A federal judge on Monday blocked the enforcement of a North Carolina law prohibiting campaign ads that knowingly circulate false information about a candidate with the intent of hurting that candidate’s chances of winning, ruling the law is likely unconstitutional, Politico reports.
US District Judge Catherine Eagles’ ruling came in a case brought by Dem North Carolina Attorney General Josh Stein’s 2020 campaign and other plaintiffs who last week had sued members of the State Board of Elections and Wake County District Attorney Lorrin Freeman. Stein is seeking to block Freeman from prosecuting his 2020 campaign over an ad calling out loser Republican AG challenger Forsyth County DA Jim O’Neill over his office’s handling of rape kits. O’Neill had lodged a complaint with the State Board of Elections in September 2020 over the Shapiro attack ad, which said his office had “left 1,500 rape kits sitting on a shelf,” an assertion O’Neill said was false because law enforcement and not prosecutors are responsible for processing that evidence.

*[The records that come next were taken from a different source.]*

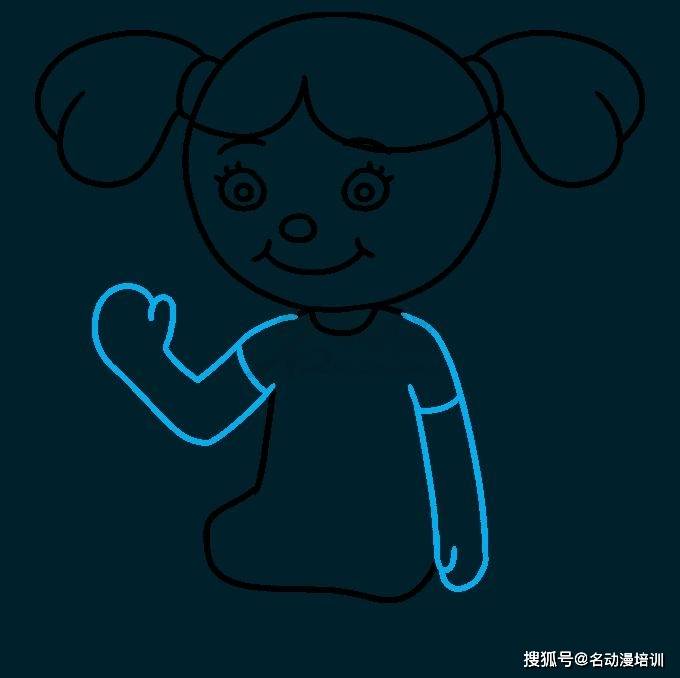 第五步:接著在身體畫出娃娃的手臂。在每個肩部擦掉一段,並延伸兩條短曲線以形成袖子。最後用一條額外的曲線將它們連接起來。然後,延伸另一組線以形成手臂。如圖所示: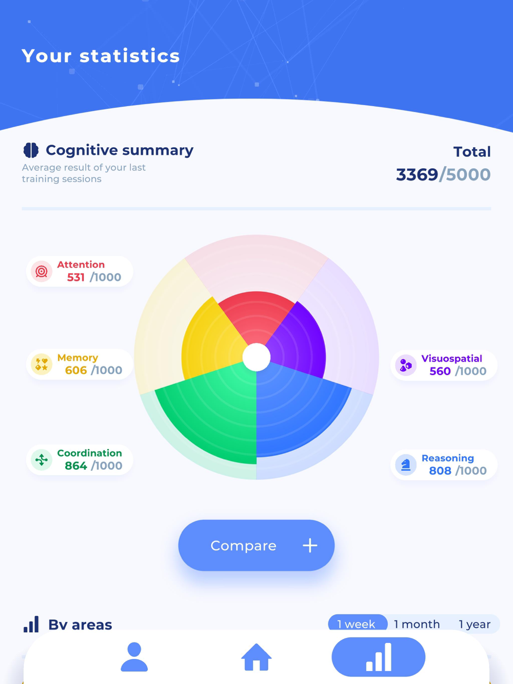 Focus - Train your brain has a statistics section where you can see your cognitive evolution during the last week, month or year. In addition, the app offers you a cognitive summary in which the average scores of the results of your daily workouts are shown.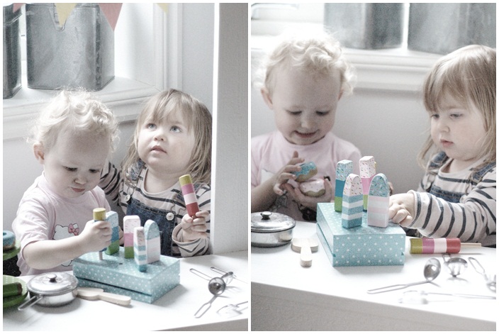 Igår kväll fick Tindra besök av sin lilla bästis Amy som var här och höll Tindra sällskap i hennes kiosk där de åt kakor och glass ( allt i trä såklart ) Dom är ju helt underbart söta när dom leker ihop. Och idag pratar hon om henne hela tiden och går igenom vad dom lekte med igår…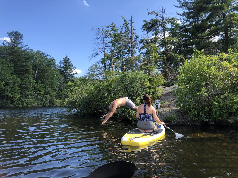 My dad jumping in. He loved paddling on his paddle board as we’re in the kayak.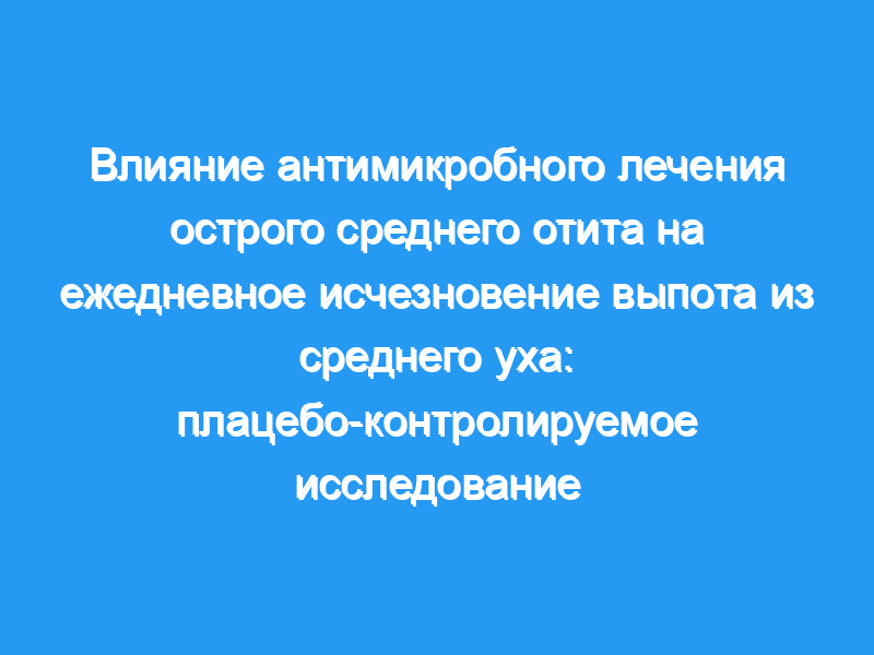 Выпот из среднего уха исчез на 2,0 недели (13,7 дня) раньше (P = 0,02) в группе, получавшей противомикробные препараты (среднее время 2,7 недели, 95% ДИ 1,7-3,7), чем в группе плацебо (4,7 недели, 95% ДИ 3,6-5,7). Нормальные результаты отоскопии наблюдались на 1,4 недели раньше в группе, получавшей противомикробные препараты, чем в группе плацебо (Р = 0,02). На 14-й день у 69% детей в группе, получавшей противомикробные препараты, и у 38% в группе, получавшей плацебо, были нормальные результаты тимпанометрии (количество, необходимое для лечения, 3,2, 95% ДИ 2,0-10,5). На 60-й день у 2 детей (5%) в группе, получавшей противомикробные препараты, и у 10 детей (24%) в группе плацебо наблюдался стойкий МЭЭ (Р = 0,01). Выводы и актуальность: Антимикробное лечение эффективно сократило продолжительность МЭЭ и возможные сопутствующие нарушения слуха у детей с АОМ. Противомикробное лечение также снижало риск персистирующего МЭЭ. Пробная регистрация: clinicaltrials.gov Идентификатор: NCT01244581.
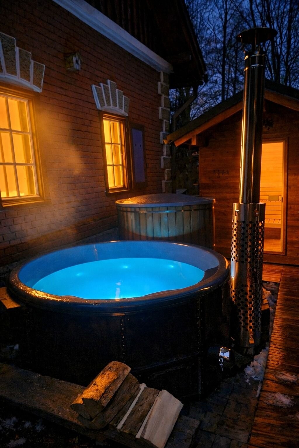 Finská sauna s elektrickými kamny a nádherným výhledem na vzrostlé stromy, které Vás obklopují, obrovská ochlazovací káď a koupací sud jsou zárukou dokonalé regenerace. Ochlazovací káď je hned při východu ze sauny (v extrémních mrazech ochlazovací káď z technických důvodů nenapouštíme). Voda v koupacím sudu s vířivkou a osvětlením se ohřívá pomocí kamen na dřevo. Jedinečným zážitkem je noční koupání s hvězdami nad hlavou. Na našem wechtringu jsou pro Vás připraveny ručníky, osušky, sprchový gel, mýdlo, toaletní papír, prostěradla do sauny, župany a jednorázová wellness obuv a další drobnosti.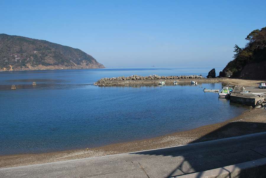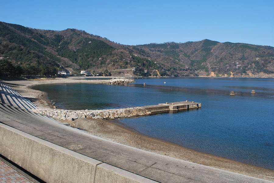 食見海岸は、波がほとんどない穏やかな海況で対岸の黒崎半島の山桜が咲き始めました。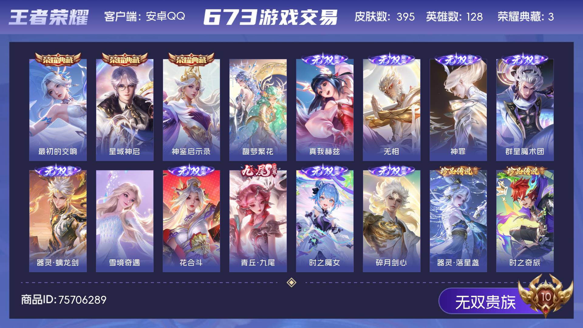 无双贵族 皮肤395 英雄128 至尊星耀 荣耀典藏3 珍品无双1 无双皮肤10 珍品传说3 星传说4 传说65 其他皮肤313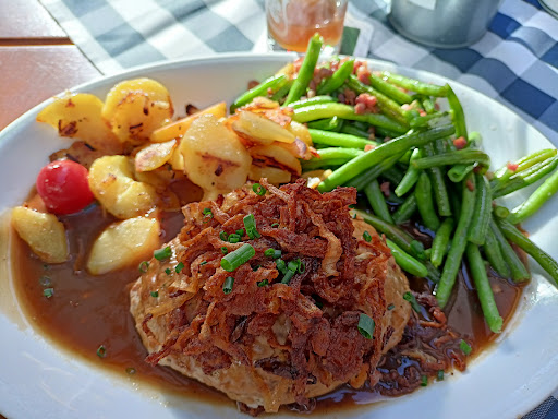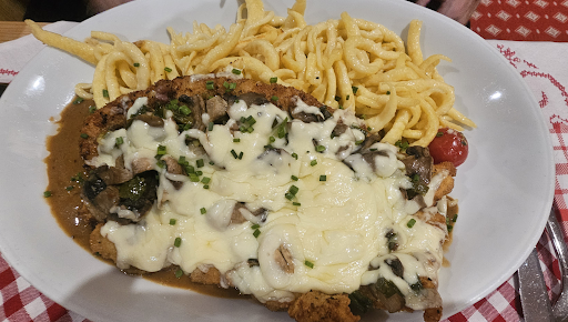 Ich habe von meiner Nachbarin von euch erfahren und zum 5 jährigen Jubiläum zwischen meiner Partnerin und mir, haben wir uns euch ausgesucht und ich wollte euch einfach mal testen. Als erstes, freundlicher Empfang, Kleiner Gruß aus der Küche mit gefüllten Champions war sehr lecker. Dann die Vorspeise, diese muss sein. Knoblauch Suppe mit Sahne und einem Streifen Speck, woooow noch nie so eine Knoblauch Suppe gegessen. Zwischendurch neues Bierchen bestellt und kaum Wartezeit 👍 Ich hatte den Grillteller und meine Partnerin hatte Tiroler Schnitzel, ich bin überrascht über diese Portionen, mega lecker. Mein empfinden war freundlich, hilfsbereit, zuvorkommend und sie waren richtig gut drauf. Wir kommen gerne wieder und macht weiter so und nicht nachlassen. Vielen Dank für den schönen Abend und das leckere Essen an das gesamte Team. Kleiner Tipp. Versucht es vielleicht hin zu bekommen, das alle Karten akzeptiert werden, weil es ist schon ein blödes Gefühl, wenn ein Gast nicht so viel Geld dabei hat und die Karte nicht akzeptiert wird. Das ist das einzige was ich kritisiere, aber dennoch kein Punkt abziehe.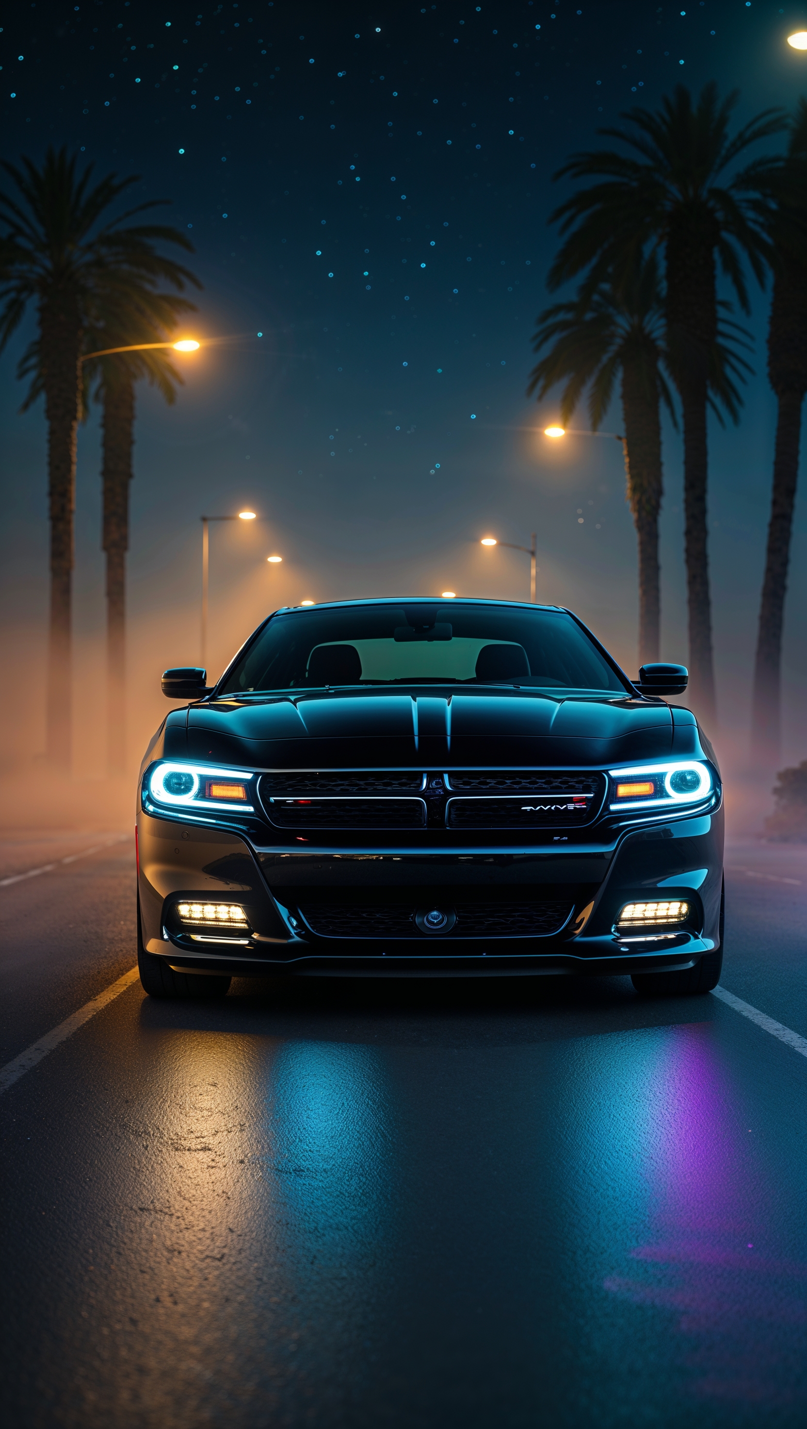 1664x2944 A Dodge Charger in an urban square with bright street lights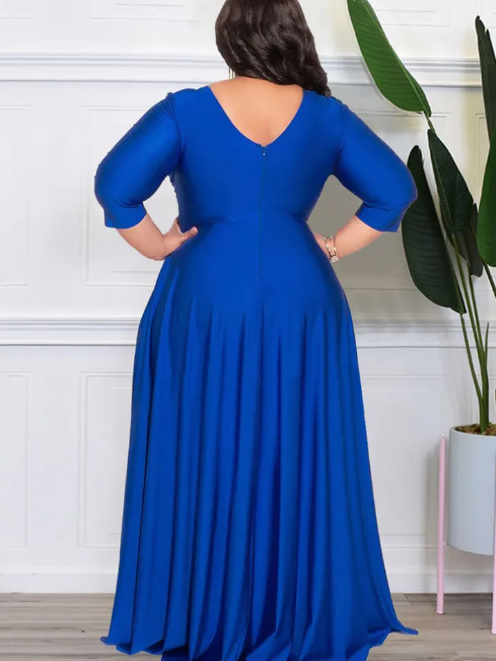 Feature: Bracelet sleeve, v-neck, ruched, solid color, ruffle, maxi dress. Unique style makes you fashionable.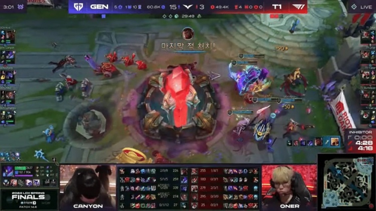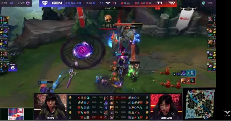 【19:01】GEN拿下第三条小龙!T1保护Faker沙皇推掉了上二塔!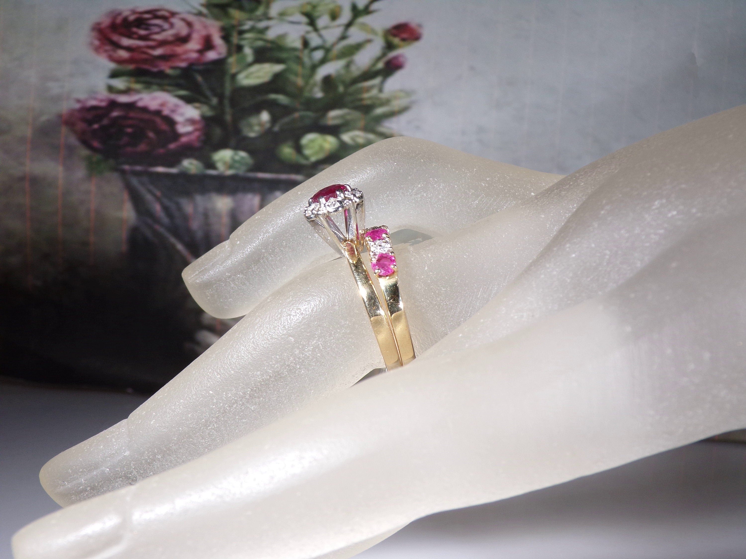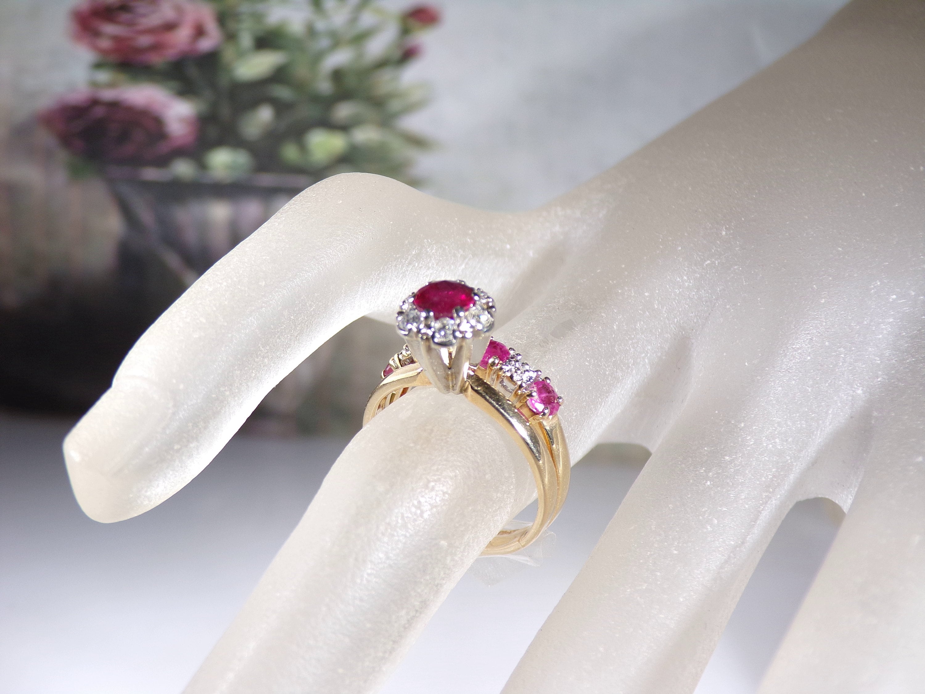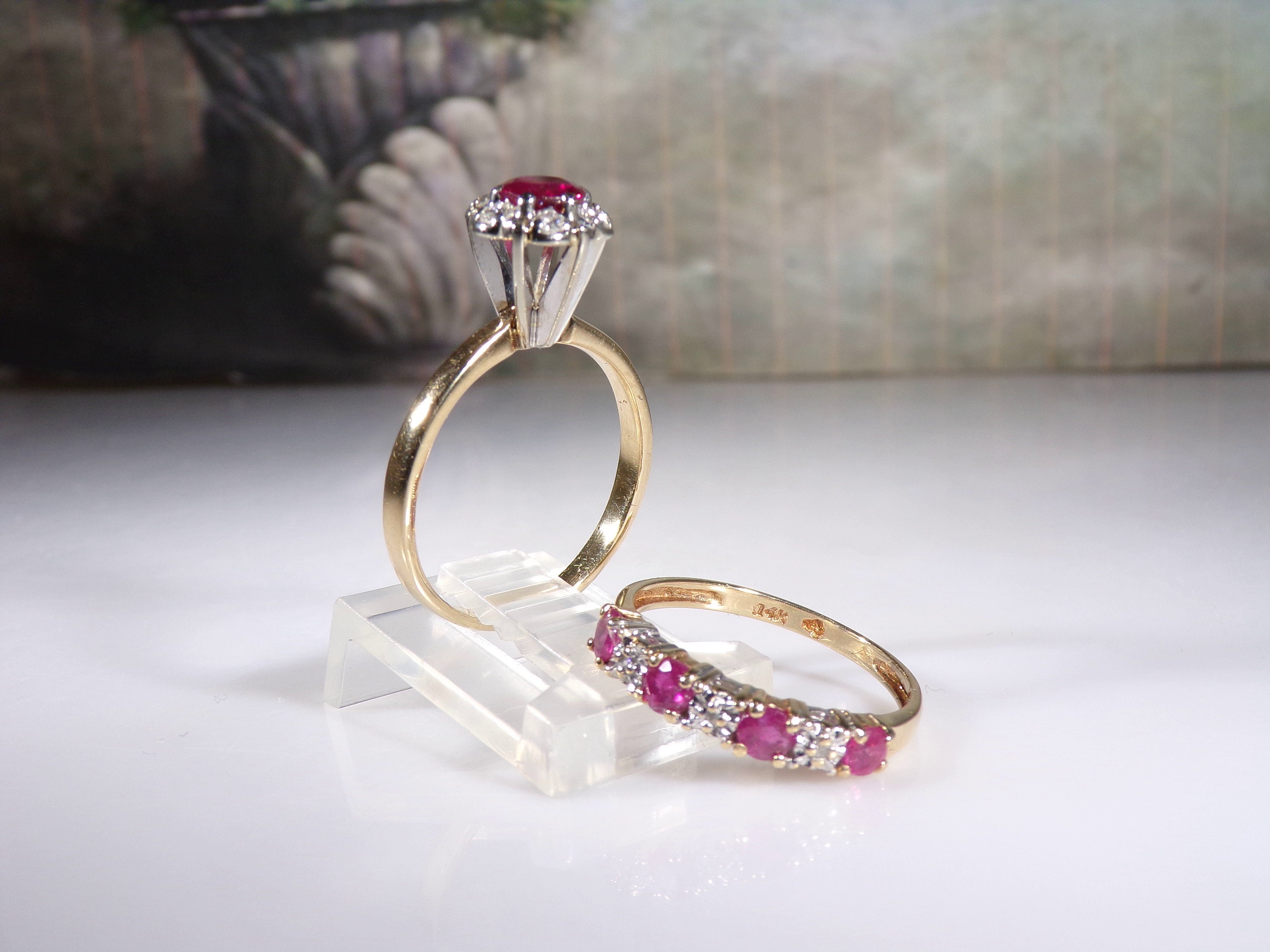 14K Ruby & Diamond Bridal Ring Set, Ruby Diamond Cluster Engagement Ring, Ruby Diamond Wedding Band, Vintage Rings, Size 6, FREE SIZING!!

As a practical matter it would probably be pretty hard to prosecute and adjudicate this case fairly and justly. On one hand as the incumbent attorney general Stein should’ve known this. On the other, it’s a pretty ambiguous situation as a district attorney should have influence over local law enforcement and at least publicly could’ve pressured them to get their shit together, meaning Shapiro’s defense would be his campaign ad was merely calling out O’Neill on inaction. Such a law should not be struck so much fine tuned to carry an extremely high burden of proof, probably something on par with the actual malice standard of civil defamation.